*** Opening of Exercise input ***

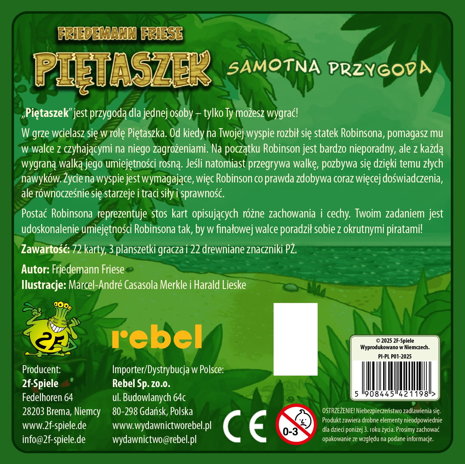Piętaszek to jednoosobowa gra karciana oparta na skutecznym budowaniu talii, w której wcielasz się w tytułowego mieszkańca bezludnej (jak dotąd) wyspy. Twoim zadaniem jest pomóc Robinsonowi w walce z czyhającymi na niego zagrożeniami. Na początku rozbitek jest bardzo nieporadny, ale z każdą wygraną walką jego umiejętności rosną. Porażki też pozwalają mu się rozwijać – to świetna okazja, by pozbyć się złych nawyków! Musisz więc mądrze prowadzić go przez kolejne wyzwania, trafnie oceniając, kiedy warto stanąć do walki, a kiedy lepiej sobie odpuścić.
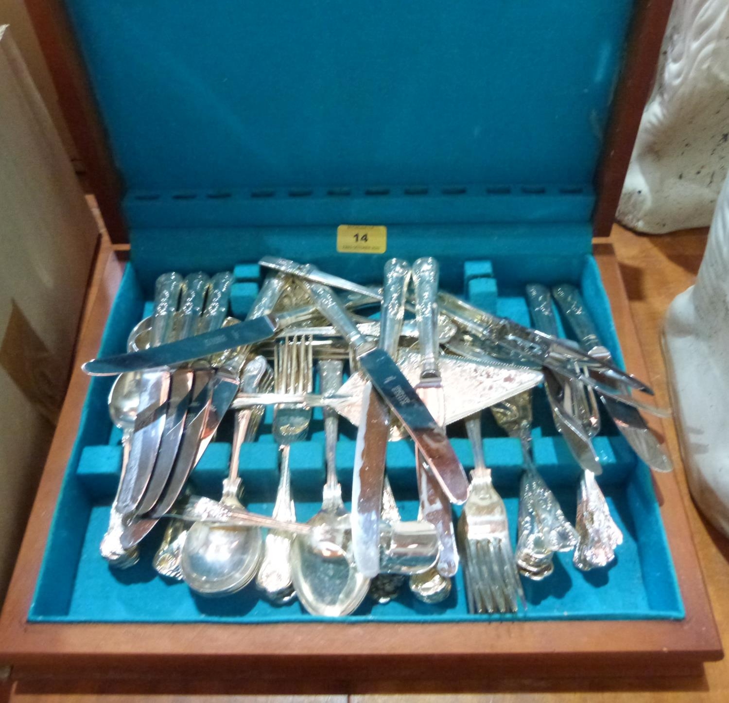 A mid 20th century canteen of plated kings pattern cutlery for 6 settings, the set to include additional plated cutlery
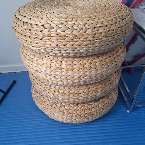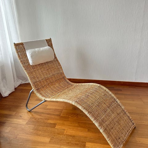 IKEA fåtölj/gungstol i flätat naturmaterial i brunmelerad ton. Låg sittdel med integrerat ryggstöd som går upp i ett handtag med öppning, vilket gör den enkel att flytta. Passar som extra sittplats i vardagsrum eller uterum. Naturmaterialet ger en varm och texturerad yta som kan kombineras med dynor eller filtar för ökad komfort.
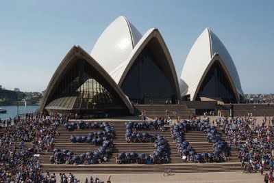 Thousands of people gathered on the steps of the Opera House for an outdoor concert and formed a giant 350 with their bodies, one of more than 200 events to be staged across the continent, said spokeswoman Blair Palese.
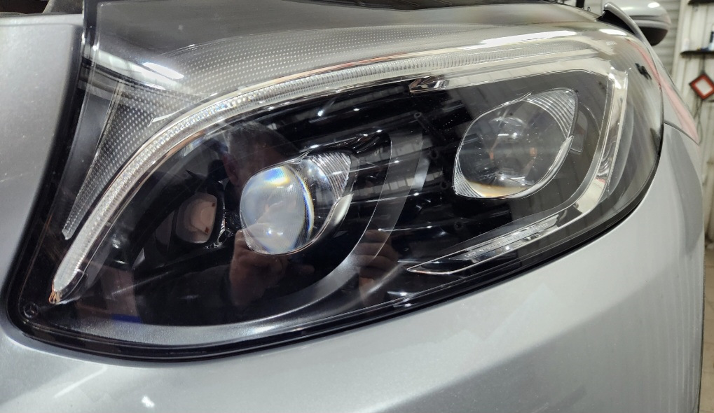 На моем GLC завода установлена 2-ая камера (опции уход с полосы, адаптивный круиз итд, чтение знаков), но фары были установлены обычные светодиодные (HP) с одной линзой.
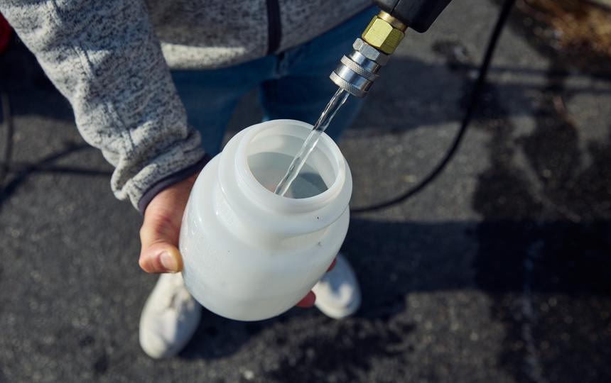 Fill foam cannon or foam gun canister approximately 4/5 full with clean water.

*** Close of Exercise input ***

* Instructions to follow *
Retype the line containing "IKEA fåtölj/gungstol i" and all lines after it to the end of the material, exactly as written, leaving out any pictures.

* Response to this exercise *
 IKEA fåtölj/gungstol i flätat naturmaterial i brunmelerad ton. Låg sittdel med integrerat ryggstöd som går upp i ett handtag med öppning, vilket gör den enkel att flytta. Passar som extra sittplats i vardagsrum eller uterum. Naturmaterialet ger en varm och texturerad yta som kan kombineras med dynor eller filtar för ökad komfort.
 Thousands of people gathered on the steps of the Opera House for an outdoor concert and formed a giant 350 with their bodies, one of more than 200 events to be staged across the continent, said spokeswoman Blair Palese.
 На моем GLC завода установлена 2-ая камера (опции уход с полосы, адаптивный круиз итд, чтение знаков), но фары были установлены обычные светодиодные (HP) с одной линзой.
 Fill foam cannon or foam gun canister approximately 4/5 full with clean water.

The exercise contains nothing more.